## [Given entries]
▼

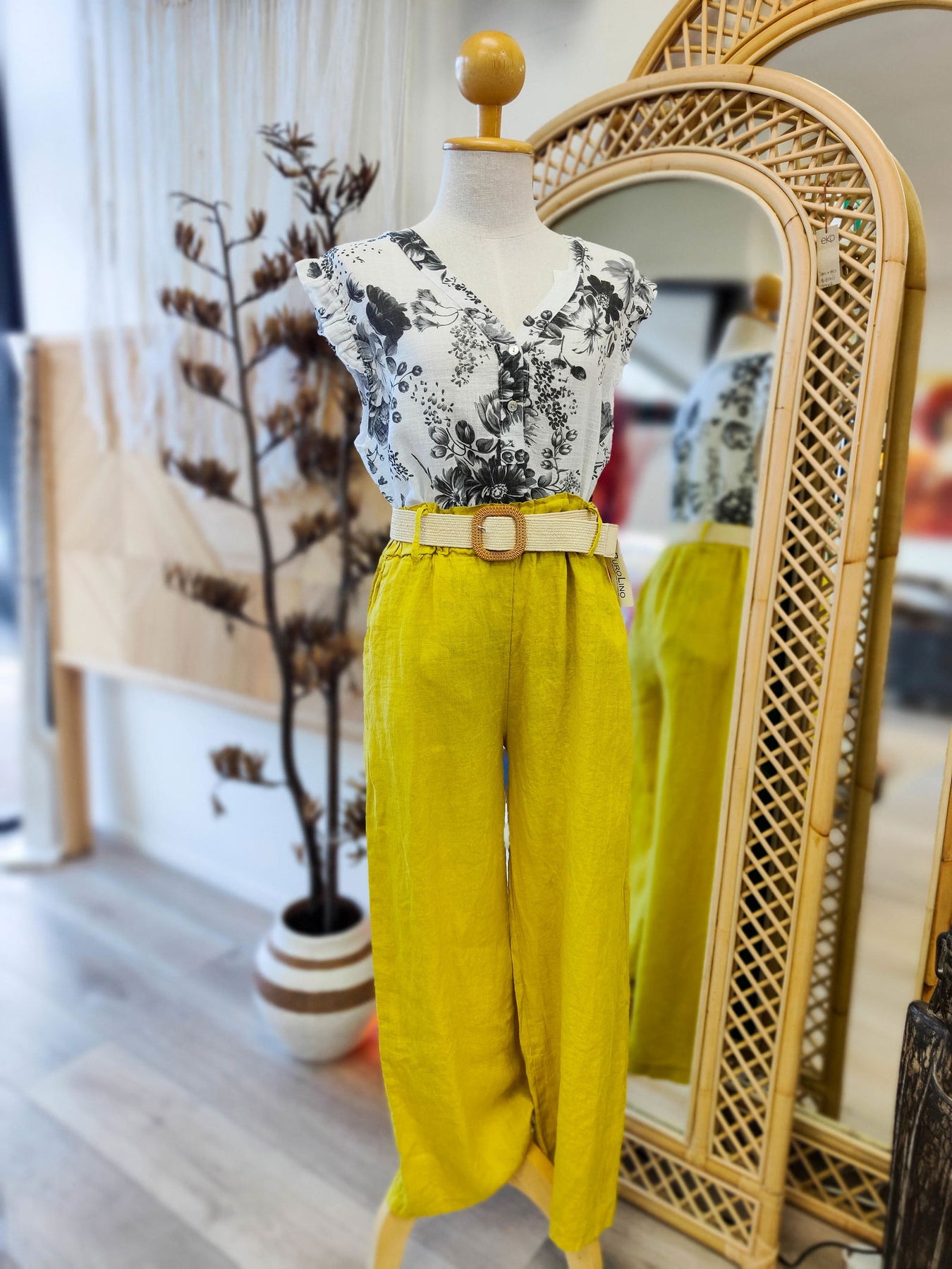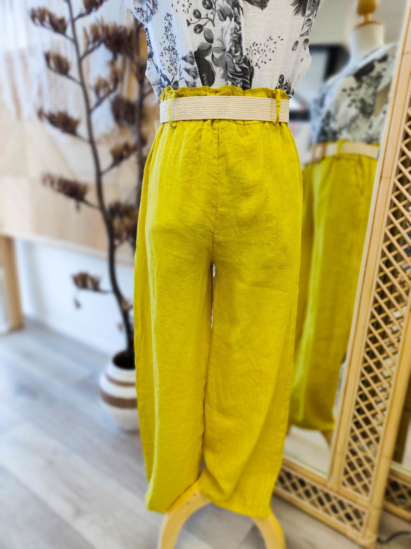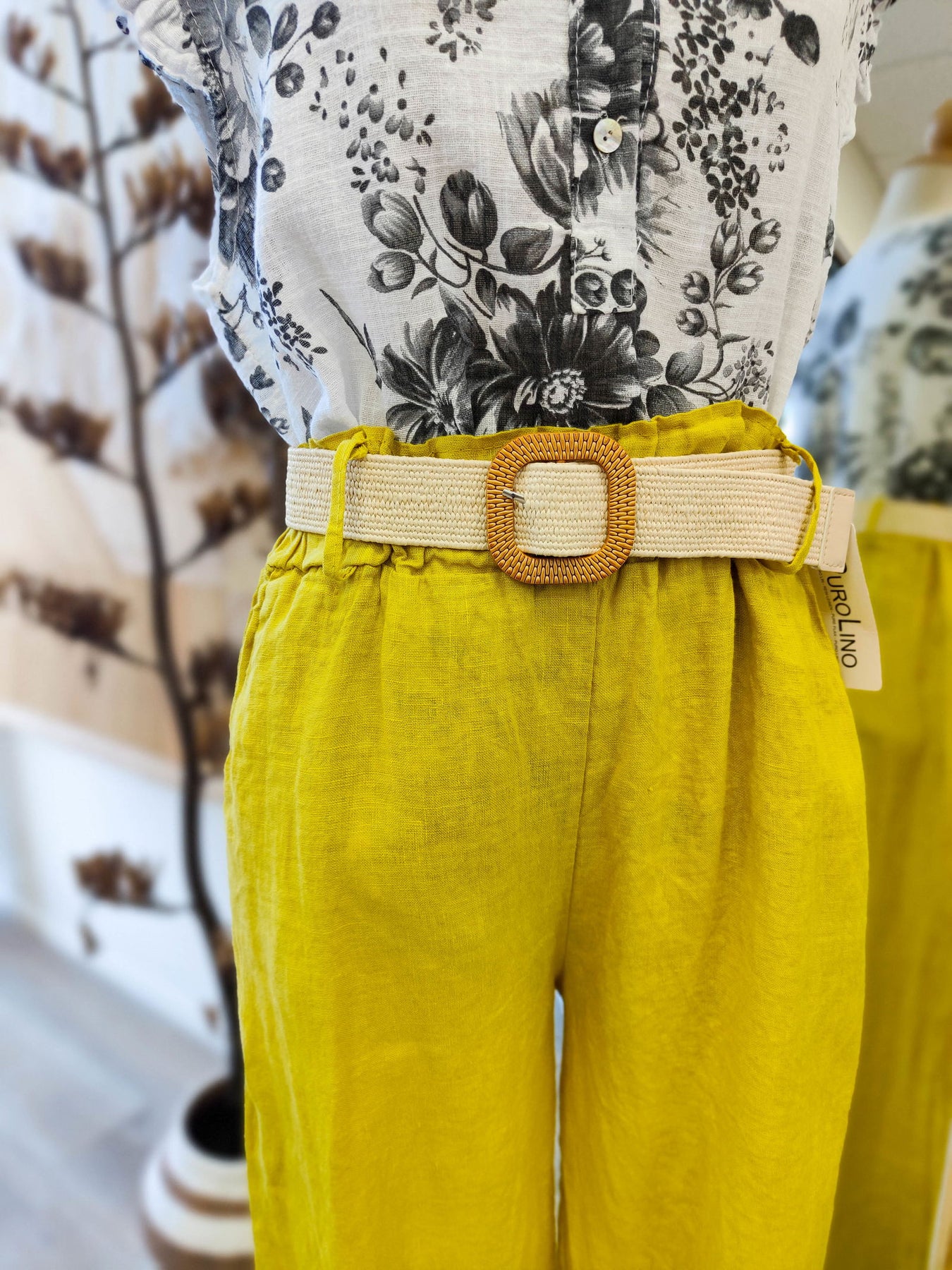 Similar to the Simona Pantalone, The buckle pants have a smocked elasticated waist band which can be worn with or without the gorgeous beige belt. The long loose fit legs are perfect for staying cool yet classy in the warmer months.
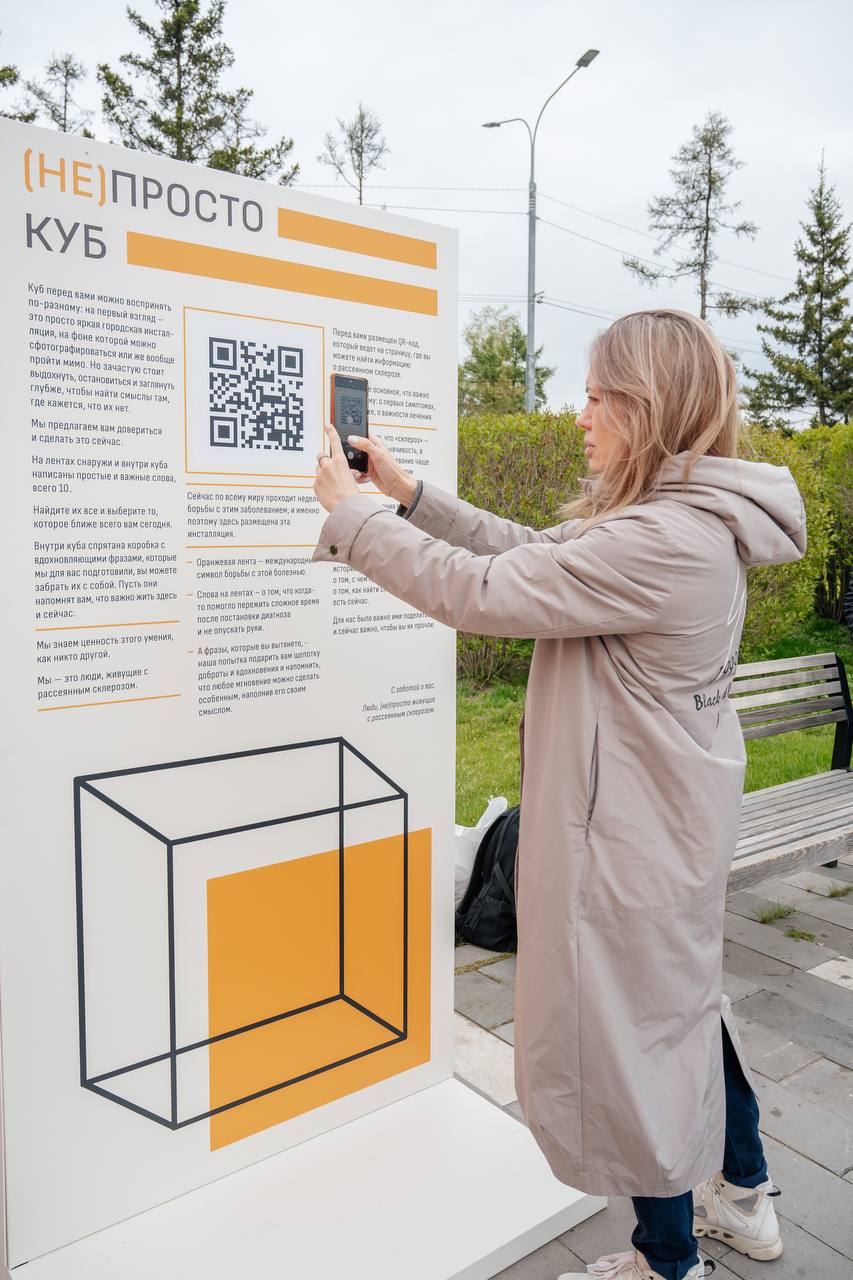 В рамках инициативы на набережной Красноярска был установлен (не)просто куб — трехметровая интерактивная арт-инсталляция с лентами оранжевого цвета — символом борьбы с рассеянным склерозом. На лентах внутри и снаружи куба были написаны слова, которые когда-то помогли людям пережить период постановки диагноза, обрести новые смыслы в жизни и узнать больше о том, что важно им и их близким. У посетителей была возможность зайти внутрь, сфотографироваться среди лент и узнать больше о рассеянном склерозе и его первых симптомах через личные истории людей, которым пришлось столкнуться с этим заболеванием. В них рассказывается о том, как это было, о том, с чем пришлось столкнуться, о том, как найти смыслы, о том, как есть сейчас. Прочесть их все еще можно на странице акции.
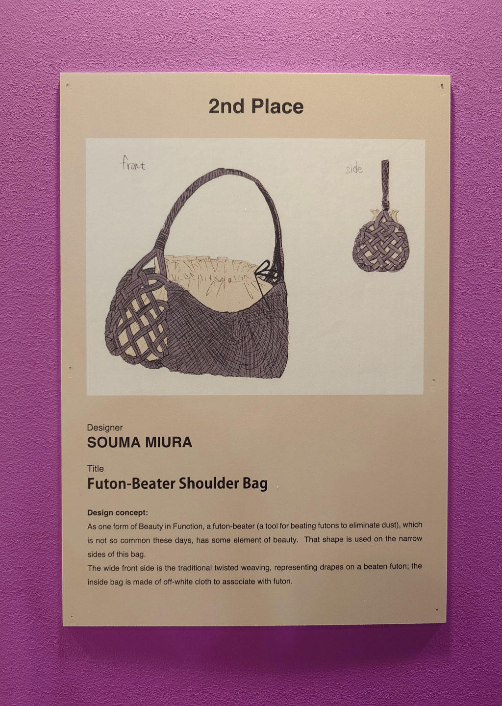用の美をテーマとし、あまり見なくなってしまった「布団たたき」に美しさを見つけ、側面全面にそのデザインを活かす。 フロント面には伝統的なもじり編みのデザインとし、布団の布がたたかれたようなドレープ柄を再現、中袋にはアイボリーの布を使用しより布団を再現
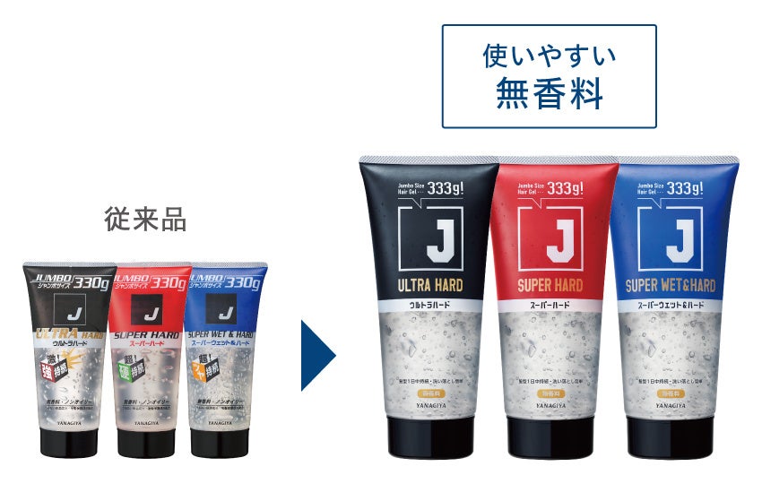2001年の発売以降、ヘアジェル市場で好調なJジェルシリーズ。ヘアジェルへビーユーザーのニーズに応え、強みであるセットの持続性を強化し、容量も覚えやすい330g→333gに!若年ユーザーの使用意向も取り込み、シンプルで覚えやすい新パッケージで展開します。
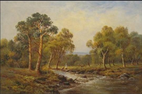 | River landscapes with children fishing beneath tree and cattle watering with mountains in the distance | |
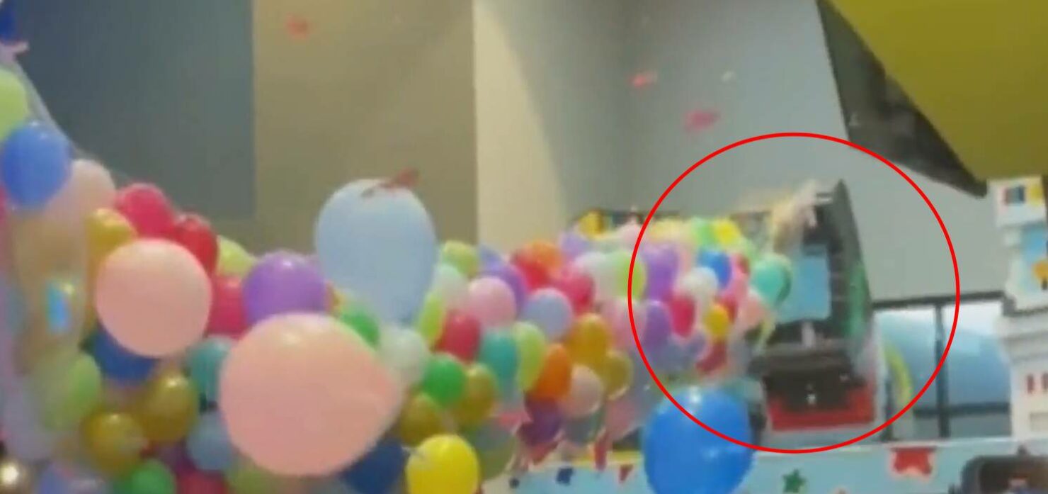 อ้างอิงจากเจ้าหน้าที่ดับเพลิงระบุว่า พนักงานร้านเกมปล่อยลูกโป่งจากตาข่าย ทว่าปล่อยไม่ได้ ทำให้พนักงานคนหนึ่งออกแรงดึงมากเป็นพิเศษและเกี่ยวเข้ากับตัวต่อเลโก้ที่มีรูปทรงเป็นตู้เกมและมีความสูง 2.5 เมตร ตกลงมาจากความสูงประมาณ 3.6 เมตรใส่ประชาชนเป็นเหตุให้ผู้ใหญ่บาดเจ็บ 4 ราย เด็กบาดเจ็ล 6 ราย เคราะห์ดีทั้งหมดบาดเจ็บเล็กน้อย มีรอยถูกบาดและรอยถลอก
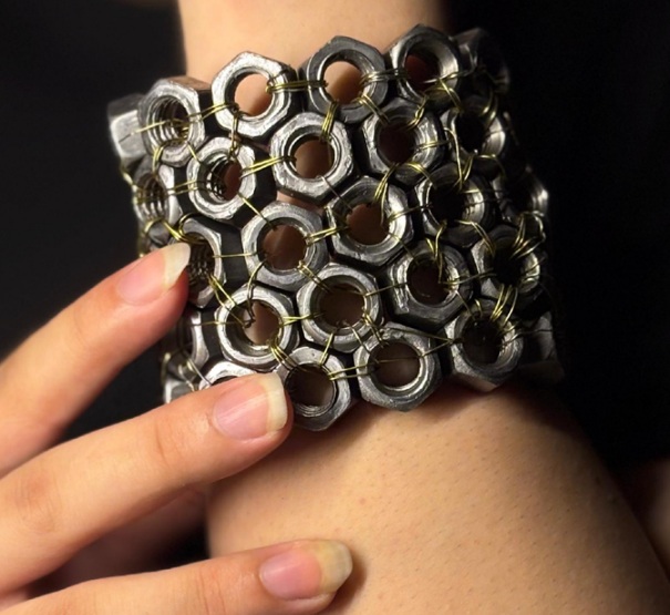 Equally compelling is “Grip of Grace,” where hardware nuts and jewelry wire form a cuff that grips without harm. Here, the forms cluster like gathered thoughts, their hexagonal shapes echoing the geometry as if it’s been woven through. The wire weaves through the nuts in delicate loops, creating a surface that feels both armored and exposed.
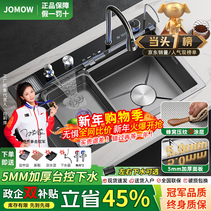 JOMOW鲸鱼瀑布飞雨厨房水槽大单槽数显304不锈钢蜂窝洗菜一体盆 75*45【顶配升级】鲸鱼双瀑布出水
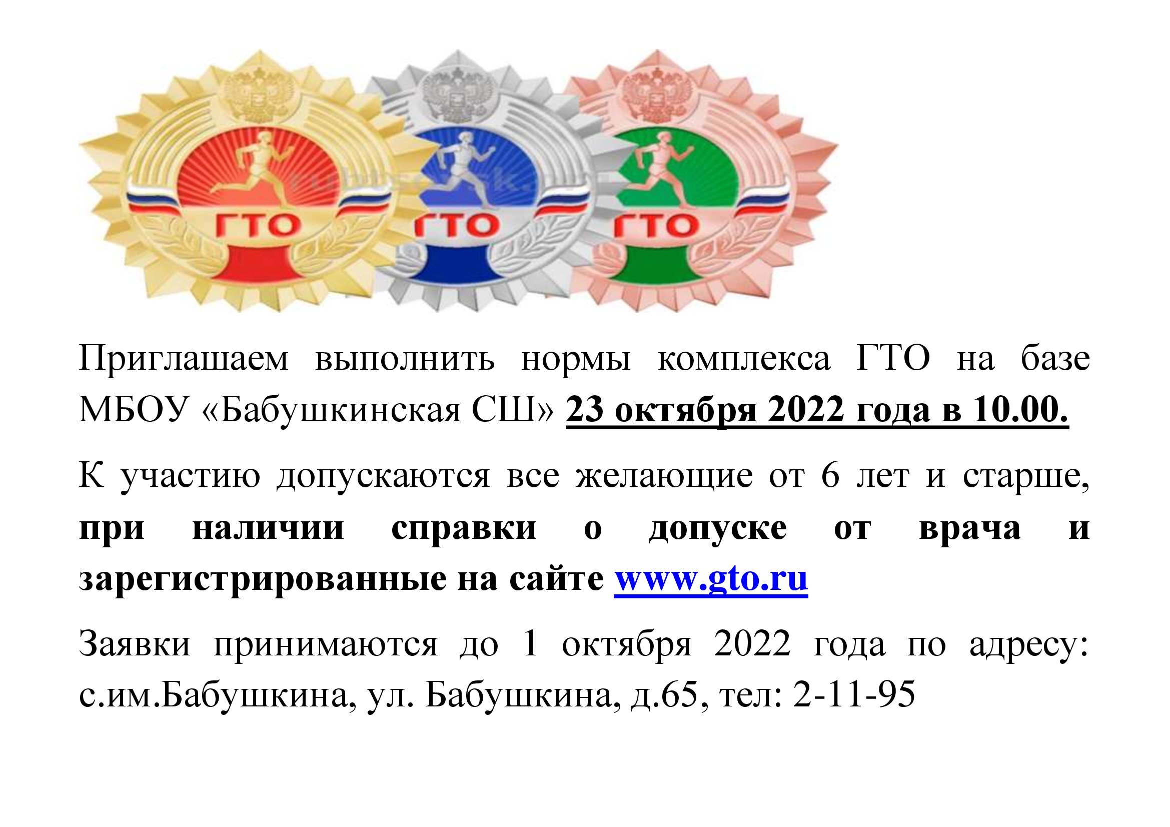 4 июня на стадионе Бабушкинской средней школы прошел прием норм ГТО у ребят из села имени Бабушкина. Показали свою сноровку, силу, меткость, скорость ребята от 6 до 17 лет, сдав нормативы на золотые, серебряные и бронзовые значки! Прием нормативов вели судьи Долговская Л.В., Тарутина М.Ю., Власов М.М., Бахарев В.В. Все ребята молодцы! И пусть у кого-то сегодня что-то не получилось, у вас, ребята, есть время для тренировок, в следующий раз все обязательно получится!
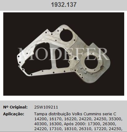 31707 - TAMPA DISTRIBUICAO DIANT INT FORD CARGO/VW CUMMINS C ENCAIXE BOMBA 117MM
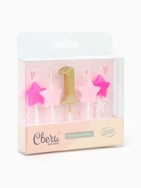 Свечи для торта 1-ый День Рождения Девочки, золото/розовый, 2.5×3.5 + 4 см,
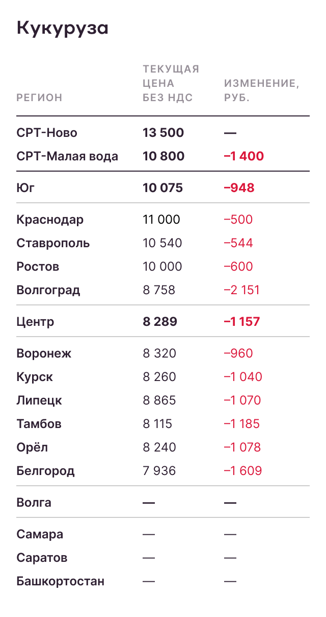 - Слабый спрос на российскую кукурузу на фоне более дешевого предложения из США и Латинской Америки.

▲

## [Instructions for the task]
In the listing above, find the line containing "用の美をテーマとし、あまり見". Output it and every line after it up to and including the line containing "ราย เคราะห์ดีทั้งหมดบาดเจ็บเล็กน้อย มีรอยถูกบาดและรอยถลอก", exactly, but skip the pictures.

## [Task solution]
用の美をテーマとし、あまり見なくなってしまった「布団たたき」に美しさを見つけ、側面全面にそのデザインを活かす。 フロント面には伝統的なもじり編みのデザインとし、布団の布がたたかれたようなドレープ柄を再現、中袋にはアイボリーの布を使用しより布団を再現
2001年の発売以降、ヘアジェル市場で好調なJジェルシリーズ。ヘアジェルへビーユーザーのニーズに応え、強みであるセットの持続性を強化し、容量も覚えやすい330g→333gに!若年ユーザーの使用意向も取り込み、シンプルで覚えやすい新パッケージで展開します。
 | River landscapes with children fishing beneath tree and cattle watering with mountains in the distance | |
 อ้างอิงจากเจ้าหน้าที่ดับเพลิงระบุว่า พนักงานร้านเกมปล่อยลูกโป่งจากตาข่าย ทว่าปล่อยไม่ได้ ทำให้พนักงานคนหนึ่งออกแรงดึงมากเป็นพิเศษและเกี่ยวเข้ากับตัวต่อเลโก้ที่มีรูปทรงเป็นตู้เกมและมีความสูง 2.5 เมตร ตกลงมาจากความสูงประมาณ 3.6 เมตรใส่ประชาชนเป็นเหตุให้ผู้ใหญ่บาดเจ็บ 4 ราย เด็กบาดเจ็ล 6 ราย เคราะห์ดีทั้งหมดบาดเจ็บเล็กน้อย มีรอยถูกบาดและรอยถลอก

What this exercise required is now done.